Personal information
- Full name: Mavroudis Bougaidis
- Date of birth: 1 June 1993 (age 33)
- Place of birth: Koufalia, Greece
- Height: 1.90 m (6 ft 3 in)
- Position: Centre-back

Team information
- Current team: Agios Dimitrios

Youth career
- 2008–2009: Aris

Senior career*
- Years: Team / Apps / (Gls)
- 2011–2013: AEK Athens / 27 / (0)
- 2013–2015: Granada B / 15 / (0)
- 2014: → Aris (loan) / 9 / (0)
- 2014–2015: → Lechia Gdańsk (loan) / 12 / (0)
- 2014–2015: → Lechia Gdańsk II (loan) / 6 / (1)
- 2015–2017: Panthrakikos / 23 / (0)
- 2017: Kissamikos / 14 / (0)
- 2017: GAIS / 10 / (1)
- 2018–2019: Podbeskidzie / 28 / (1)
- 2019–2020: PAO Koufalia / 7 / (0)
- 2021–2025: Chrobry Głogów / 114 / (4)
- 2025–2026: Ilioupoli / 19 / (0)
- 2026–: Agios Dimitrios

International career
- 2009–2010: Greece U17 / 7 / (0)
- 2010–2012: Greece U19 / 14 / (3)
- 2013: Greece U20 / 4 / (0)
- 2012–2014: Greece U21 / 8 / (0)

Medal record
Men's football
Representing Greece
UEFA European Under-19 Championship
| Runner-up | 2012 Estonia |  |

= Mavroudis Bougaidis =

Greek footballer (born 1993)

Mavroudis Bougaidis (Μαυρουδής Μπουγαΐδης, born 1 June 1993) is a Greek professional footballer who plays as a centre-back for Athens FCA First Division club Agios Dimitrios.

==Club career==
===Early years===
Aris academies found a talented defender and the club signed with him a contract for two years.
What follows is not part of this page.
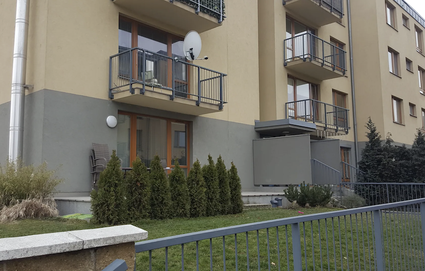 K bytu náleží také sklep o výměře 3 m². Na sklep navazuje garážové stání, které je dostupné jak výtahem, tak po schodišti. Možnost využití garáže je zahrnuta v pronájmu.

Many clubs in Greece were interested in signing Bougaidis, as he was very good with the youth team of Aris and with the Greece U19 team, too. Four clubs from Europe approached him, but he chose to play for AEK Athens.

===AEK Athens===
On 16 May 2011, Mavroudis Bougaidis signed a three-year deal with Greek giants AEK Athens. He made his UEFA Europa League debut against Anderlecht as a substitution. He also played against Sturm Graz in the Europa League and impressed in Greek Super League matches at the end of 2011–12 season. In July 2012 AEK Athens rejected a €1.1 million bid for Bougaidis from Everton F.C. For the 2012–13 season Bougaidis achieved 14 appierances for the Super League Greece in a disappointing season for AEK Athens as it failed to stay in the first division of the league. He also scored an own goal against Panthrakikos at the 87th minute of the penultimate fixture. The game interrupted after the invasion of AEK' fans.

===Granada===
On 30 July 2013, Bougaidis signed a three-year deal with La Liga team Granada CF. Initially expected to join Hércules CF on loan, the deal later collapsed and he was assigned to B-team in Segunda División B. On 1 January 2014, Bougaidis was loaned to Aris Thessaloniki, his first professional team until the end of the 2013–14 season. On 4 July 2014, he was loaned to Lechia Gdańsk for the 2014–15 season, playing in Polish Ekstraklasa. He made his debut on 14 September 2014 against GKS Bełchatów (1-1).

===Return to Greece===
In summer 2015, after playing in Spain and Poland, Bougaidis returned to Greece to play for Panthrakikos. In January 2017, he signed a six-month contract with Kissamikos.

===GAIS===
On 5 August 2017, Bougaidis signed a one-year and a half contract with Swedish Superettan club GAIS, for an undisclosed fee. On 4 November, he scored his first goal with the club came as a substitute in a 3–0 home win game against Varberg. He left the club again at the end of the 2017 season.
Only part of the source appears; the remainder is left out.